3. comprise a stabilization formulations for the molecule comprising at least part of lambda light chain and the buffer system comprising histidine, wherein said preparation is substantially free of metal.

4. comprise comprise at least part of lambda light chain molecule, comprise the buffer system of imidazoles and a stabilization formulations for metal, wherein said molecule is not cut under the existence of metal in hinge region.

5. one kind comprise comprise at least part of lambda light chain molecule, comprise the buffer system of histidine and the stabilization formulations of metal-chelator, wherein said molecule is not cut in hinge region, or the cutting horizontal in hinge region is less than the cutting horizontal observed when there is not metal-chelator.
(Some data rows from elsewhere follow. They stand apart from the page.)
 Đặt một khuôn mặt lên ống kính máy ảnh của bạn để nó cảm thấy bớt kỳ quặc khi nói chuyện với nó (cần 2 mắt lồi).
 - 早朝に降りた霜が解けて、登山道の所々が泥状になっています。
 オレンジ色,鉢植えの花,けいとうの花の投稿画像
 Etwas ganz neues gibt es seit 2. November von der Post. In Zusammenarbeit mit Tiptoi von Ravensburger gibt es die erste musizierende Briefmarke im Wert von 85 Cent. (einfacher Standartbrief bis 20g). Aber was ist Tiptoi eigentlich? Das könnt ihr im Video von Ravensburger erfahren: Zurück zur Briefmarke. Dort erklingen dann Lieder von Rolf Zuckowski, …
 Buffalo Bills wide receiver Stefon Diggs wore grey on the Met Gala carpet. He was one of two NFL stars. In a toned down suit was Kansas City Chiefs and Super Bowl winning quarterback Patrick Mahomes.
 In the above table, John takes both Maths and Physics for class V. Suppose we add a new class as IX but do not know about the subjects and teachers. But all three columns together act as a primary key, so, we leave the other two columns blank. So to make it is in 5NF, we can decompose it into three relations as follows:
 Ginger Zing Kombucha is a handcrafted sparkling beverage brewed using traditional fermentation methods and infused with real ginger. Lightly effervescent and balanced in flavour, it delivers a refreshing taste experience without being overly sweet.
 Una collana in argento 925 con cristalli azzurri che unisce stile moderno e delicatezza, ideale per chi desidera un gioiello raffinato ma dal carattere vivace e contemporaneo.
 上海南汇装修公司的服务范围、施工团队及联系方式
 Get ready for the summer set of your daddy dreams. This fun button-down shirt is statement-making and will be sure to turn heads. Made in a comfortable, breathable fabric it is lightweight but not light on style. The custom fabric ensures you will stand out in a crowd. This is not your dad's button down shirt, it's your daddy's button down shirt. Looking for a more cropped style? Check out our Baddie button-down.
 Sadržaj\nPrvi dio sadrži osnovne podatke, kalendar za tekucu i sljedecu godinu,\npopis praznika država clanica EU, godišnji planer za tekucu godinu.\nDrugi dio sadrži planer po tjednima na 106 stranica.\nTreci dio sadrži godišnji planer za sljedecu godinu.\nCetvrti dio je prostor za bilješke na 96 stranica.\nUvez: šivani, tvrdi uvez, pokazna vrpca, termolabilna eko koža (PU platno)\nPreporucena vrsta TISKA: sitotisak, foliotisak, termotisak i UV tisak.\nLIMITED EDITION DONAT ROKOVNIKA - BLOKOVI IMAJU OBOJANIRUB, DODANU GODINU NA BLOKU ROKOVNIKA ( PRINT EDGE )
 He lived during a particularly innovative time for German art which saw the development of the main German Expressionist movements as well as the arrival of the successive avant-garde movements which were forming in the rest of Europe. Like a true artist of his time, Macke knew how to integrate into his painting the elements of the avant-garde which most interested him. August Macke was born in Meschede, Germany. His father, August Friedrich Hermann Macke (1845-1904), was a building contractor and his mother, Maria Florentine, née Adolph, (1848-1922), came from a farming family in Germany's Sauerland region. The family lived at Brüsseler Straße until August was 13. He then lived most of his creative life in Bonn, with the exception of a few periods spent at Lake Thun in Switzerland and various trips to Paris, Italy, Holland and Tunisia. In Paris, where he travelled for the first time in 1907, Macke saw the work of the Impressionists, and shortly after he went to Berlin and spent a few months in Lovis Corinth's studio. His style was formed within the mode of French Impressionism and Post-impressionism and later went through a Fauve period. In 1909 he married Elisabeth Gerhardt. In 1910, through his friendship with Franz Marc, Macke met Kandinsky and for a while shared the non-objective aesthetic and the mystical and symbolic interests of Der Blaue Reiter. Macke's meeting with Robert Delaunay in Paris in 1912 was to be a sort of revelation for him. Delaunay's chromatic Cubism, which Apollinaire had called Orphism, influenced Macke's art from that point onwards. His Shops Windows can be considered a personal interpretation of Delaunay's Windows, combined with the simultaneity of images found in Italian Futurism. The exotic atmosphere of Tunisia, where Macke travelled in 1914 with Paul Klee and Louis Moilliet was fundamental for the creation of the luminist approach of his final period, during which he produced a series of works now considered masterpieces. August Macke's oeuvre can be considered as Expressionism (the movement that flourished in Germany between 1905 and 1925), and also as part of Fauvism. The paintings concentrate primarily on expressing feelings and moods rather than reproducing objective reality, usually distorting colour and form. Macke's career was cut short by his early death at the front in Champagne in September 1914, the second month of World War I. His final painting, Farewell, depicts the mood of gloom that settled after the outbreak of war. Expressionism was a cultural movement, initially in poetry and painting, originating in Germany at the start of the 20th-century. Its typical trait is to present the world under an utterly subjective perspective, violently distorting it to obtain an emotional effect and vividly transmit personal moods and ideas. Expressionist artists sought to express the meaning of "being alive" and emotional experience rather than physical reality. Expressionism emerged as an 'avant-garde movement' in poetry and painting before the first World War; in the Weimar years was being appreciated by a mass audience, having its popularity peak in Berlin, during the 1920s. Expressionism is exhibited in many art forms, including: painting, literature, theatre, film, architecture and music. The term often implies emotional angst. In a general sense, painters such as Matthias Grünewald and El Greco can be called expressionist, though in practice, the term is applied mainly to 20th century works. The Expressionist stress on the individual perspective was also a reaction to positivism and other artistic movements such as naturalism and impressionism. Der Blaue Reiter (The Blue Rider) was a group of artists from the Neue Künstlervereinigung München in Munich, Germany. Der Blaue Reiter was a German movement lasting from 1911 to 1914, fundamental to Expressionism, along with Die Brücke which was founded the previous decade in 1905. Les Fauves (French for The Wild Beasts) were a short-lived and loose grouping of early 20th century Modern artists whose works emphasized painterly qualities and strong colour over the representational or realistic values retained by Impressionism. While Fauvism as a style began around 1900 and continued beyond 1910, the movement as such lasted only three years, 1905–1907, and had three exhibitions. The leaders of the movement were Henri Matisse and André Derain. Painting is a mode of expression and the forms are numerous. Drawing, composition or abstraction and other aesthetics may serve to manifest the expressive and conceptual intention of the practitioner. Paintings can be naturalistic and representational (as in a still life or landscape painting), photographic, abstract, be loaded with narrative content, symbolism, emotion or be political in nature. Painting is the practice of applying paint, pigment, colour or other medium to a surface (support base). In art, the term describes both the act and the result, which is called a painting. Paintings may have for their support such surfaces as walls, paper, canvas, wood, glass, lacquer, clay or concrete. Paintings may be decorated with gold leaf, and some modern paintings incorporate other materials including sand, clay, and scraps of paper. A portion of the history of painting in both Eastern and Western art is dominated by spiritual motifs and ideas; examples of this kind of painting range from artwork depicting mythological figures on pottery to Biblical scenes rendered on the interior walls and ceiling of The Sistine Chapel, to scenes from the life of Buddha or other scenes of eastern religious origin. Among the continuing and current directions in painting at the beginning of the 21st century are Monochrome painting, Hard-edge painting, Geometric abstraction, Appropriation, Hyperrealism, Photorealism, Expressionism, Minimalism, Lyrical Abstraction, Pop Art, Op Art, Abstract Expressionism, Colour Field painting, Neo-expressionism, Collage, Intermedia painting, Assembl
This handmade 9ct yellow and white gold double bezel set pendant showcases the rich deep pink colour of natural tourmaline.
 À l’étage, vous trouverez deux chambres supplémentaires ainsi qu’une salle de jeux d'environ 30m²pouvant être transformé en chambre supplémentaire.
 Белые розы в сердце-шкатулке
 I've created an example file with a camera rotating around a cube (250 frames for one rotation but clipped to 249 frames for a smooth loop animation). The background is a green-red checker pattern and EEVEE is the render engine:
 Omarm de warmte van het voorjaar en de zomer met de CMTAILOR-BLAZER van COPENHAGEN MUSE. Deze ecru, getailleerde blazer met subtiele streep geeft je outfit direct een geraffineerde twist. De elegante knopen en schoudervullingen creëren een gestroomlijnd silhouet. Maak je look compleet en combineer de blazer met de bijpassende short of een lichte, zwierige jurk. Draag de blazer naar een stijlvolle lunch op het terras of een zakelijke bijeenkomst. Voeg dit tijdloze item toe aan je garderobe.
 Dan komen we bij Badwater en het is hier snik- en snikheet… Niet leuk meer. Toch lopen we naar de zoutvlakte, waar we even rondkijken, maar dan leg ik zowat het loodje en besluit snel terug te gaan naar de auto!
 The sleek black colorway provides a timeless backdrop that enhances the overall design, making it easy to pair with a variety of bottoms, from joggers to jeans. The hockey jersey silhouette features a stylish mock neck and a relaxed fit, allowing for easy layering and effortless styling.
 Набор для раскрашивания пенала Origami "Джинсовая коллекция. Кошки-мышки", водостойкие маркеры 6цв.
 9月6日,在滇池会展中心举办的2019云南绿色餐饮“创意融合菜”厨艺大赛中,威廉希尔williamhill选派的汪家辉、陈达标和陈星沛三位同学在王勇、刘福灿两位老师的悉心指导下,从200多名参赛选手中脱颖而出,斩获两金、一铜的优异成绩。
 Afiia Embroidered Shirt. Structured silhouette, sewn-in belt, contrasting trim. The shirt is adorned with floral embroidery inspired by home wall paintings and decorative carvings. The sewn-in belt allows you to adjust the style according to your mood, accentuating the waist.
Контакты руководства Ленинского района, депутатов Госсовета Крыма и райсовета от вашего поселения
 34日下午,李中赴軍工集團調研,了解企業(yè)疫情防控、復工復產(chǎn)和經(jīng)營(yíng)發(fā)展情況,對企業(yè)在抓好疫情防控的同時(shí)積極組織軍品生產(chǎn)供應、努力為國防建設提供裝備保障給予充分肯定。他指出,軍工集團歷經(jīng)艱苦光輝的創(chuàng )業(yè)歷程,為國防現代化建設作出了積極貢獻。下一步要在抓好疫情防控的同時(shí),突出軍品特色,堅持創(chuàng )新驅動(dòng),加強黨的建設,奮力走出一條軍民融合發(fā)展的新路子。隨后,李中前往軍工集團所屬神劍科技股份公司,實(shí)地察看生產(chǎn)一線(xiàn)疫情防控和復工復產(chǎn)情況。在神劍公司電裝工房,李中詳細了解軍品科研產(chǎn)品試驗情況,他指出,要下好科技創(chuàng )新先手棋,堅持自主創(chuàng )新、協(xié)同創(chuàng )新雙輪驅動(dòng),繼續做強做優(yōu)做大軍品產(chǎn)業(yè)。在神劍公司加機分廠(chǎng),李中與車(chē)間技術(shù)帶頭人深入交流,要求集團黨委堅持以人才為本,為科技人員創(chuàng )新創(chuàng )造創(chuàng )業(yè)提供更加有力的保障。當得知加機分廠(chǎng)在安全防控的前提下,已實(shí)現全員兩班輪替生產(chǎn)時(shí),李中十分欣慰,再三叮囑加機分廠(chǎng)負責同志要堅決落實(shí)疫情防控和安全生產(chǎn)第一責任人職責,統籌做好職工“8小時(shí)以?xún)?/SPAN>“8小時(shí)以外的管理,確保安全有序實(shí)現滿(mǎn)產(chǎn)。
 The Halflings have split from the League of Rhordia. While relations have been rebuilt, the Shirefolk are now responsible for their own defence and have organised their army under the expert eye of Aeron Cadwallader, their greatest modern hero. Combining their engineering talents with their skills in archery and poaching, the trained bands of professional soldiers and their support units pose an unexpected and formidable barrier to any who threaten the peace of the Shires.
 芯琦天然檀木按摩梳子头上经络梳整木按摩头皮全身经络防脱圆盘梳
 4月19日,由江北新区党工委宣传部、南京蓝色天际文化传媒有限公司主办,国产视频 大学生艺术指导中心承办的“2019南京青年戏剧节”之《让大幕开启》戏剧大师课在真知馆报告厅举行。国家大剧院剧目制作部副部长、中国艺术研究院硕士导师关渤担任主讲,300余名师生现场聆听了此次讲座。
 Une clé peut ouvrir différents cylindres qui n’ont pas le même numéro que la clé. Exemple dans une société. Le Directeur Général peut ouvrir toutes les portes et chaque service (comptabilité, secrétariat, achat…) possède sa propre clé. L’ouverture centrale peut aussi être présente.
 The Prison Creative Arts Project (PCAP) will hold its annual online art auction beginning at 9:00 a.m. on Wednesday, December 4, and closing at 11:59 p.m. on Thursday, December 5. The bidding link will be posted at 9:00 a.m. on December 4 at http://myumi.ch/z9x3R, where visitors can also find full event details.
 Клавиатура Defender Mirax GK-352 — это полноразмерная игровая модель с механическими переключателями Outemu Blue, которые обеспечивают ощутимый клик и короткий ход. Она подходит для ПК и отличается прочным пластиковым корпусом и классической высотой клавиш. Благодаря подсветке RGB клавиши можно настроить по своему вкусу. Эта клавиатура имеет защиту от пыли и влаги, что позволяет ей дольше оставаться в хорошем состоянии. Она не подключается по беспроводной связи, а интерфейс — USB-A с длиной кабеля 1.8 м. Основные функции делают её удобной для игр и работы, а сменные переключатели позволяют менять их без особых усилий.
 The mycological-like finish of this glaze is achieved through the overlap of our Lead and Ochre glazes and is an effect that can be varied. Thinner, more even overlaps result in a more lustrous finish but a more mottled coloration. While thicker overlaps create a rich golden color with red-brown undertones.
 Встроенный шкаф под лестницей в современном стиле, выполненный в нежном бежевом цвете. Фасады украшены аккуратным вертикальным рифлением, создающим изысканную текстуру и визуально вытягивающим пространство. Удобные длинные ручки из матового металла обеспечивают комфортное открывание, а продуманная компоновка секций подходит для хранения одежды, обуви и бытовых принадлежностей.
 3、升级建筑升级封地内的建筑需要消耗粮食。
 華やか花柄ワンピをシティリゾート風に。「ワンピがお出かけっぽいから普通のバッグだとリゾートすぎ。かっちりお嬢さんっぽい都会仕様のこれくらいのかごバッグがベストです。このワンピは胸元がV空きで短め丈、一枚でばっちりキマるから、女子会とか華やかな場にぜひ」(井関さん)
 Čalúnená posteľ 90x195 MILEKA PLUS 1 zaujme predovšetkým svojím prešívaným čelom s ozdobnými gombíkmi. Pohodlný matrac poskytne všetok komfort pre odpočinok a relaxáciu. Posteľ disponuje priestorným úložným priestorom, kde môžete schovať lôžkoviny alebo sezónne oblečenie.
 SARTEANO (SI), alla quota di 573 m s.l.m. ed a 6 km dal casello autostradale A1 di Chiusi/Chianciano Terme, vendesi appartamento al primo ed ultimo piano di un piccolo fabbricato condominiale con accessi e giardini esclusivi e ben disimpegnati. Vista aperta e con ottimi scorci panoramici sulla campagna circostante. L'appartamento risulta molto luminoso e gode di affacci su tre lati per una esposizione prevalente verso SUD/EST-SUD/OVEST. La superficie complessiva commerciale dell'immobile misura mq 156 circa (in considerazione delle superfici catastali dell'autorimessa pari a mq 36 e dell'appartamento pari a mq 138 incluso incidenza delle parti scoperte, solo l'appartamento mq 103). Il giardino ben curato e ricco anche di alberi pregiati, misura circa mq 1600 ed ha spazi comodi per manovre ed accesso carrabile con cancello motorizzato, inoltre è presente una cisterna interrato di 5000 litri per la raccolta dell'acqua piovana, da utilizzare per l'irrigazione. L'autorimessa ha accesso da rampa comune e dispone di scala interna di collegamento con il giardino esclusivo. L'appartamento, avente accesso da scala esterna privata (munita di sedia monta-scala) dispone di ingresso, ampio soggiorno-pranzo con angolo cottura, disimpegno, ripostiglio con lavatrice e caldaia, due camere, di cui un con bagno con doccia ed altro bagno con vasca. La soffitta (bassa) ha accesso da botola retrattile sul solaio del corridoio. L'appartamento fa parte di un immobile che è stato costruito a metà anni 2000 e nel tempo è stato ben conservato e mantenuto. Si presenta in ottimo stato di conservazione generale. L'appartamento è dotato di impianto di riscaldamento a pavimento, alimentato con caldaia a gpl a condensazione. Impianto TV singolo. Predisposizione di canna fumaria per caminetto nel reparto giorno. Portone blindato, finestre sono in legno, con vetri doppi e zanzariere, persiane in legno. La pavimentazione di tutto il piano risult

6. comprise the stabilization formulations comprising the antibody of lambda light chain for the treatment of effective dose at the buffer solution comprising histidine of the pH with about 5 – about 7, wherein metal exists with the concentration not causing described lambda light chain to cut under the existence of histidine.

7. an aqueous pharmaceutical preparations, it comprises

People's antibody of the epi-position combination of the p40 subunit of (a) 1-250 mg/ml and IL-12/IL-23,

(b) 1-10% mannitol,

(c) 0.001%-0.1% polysorbate80,

(d) 1-50 mM methionine, and

E () 1-100 mM histidine, has the pH of 5-7,

Wherein said preparation is substantially free of metal.

8. an aqueous pharmaceutical preparations, it comprises

(a) about 100 mg/ml and IL-12/IL-23 p40 subunit epi-position combine people's antibody,

(b) about 4% mannitol,

(b) about 0.01% polysorbate80,

(c) about 10 mM methionine, and

D () about 10 mM histidine, has the pH of about 6.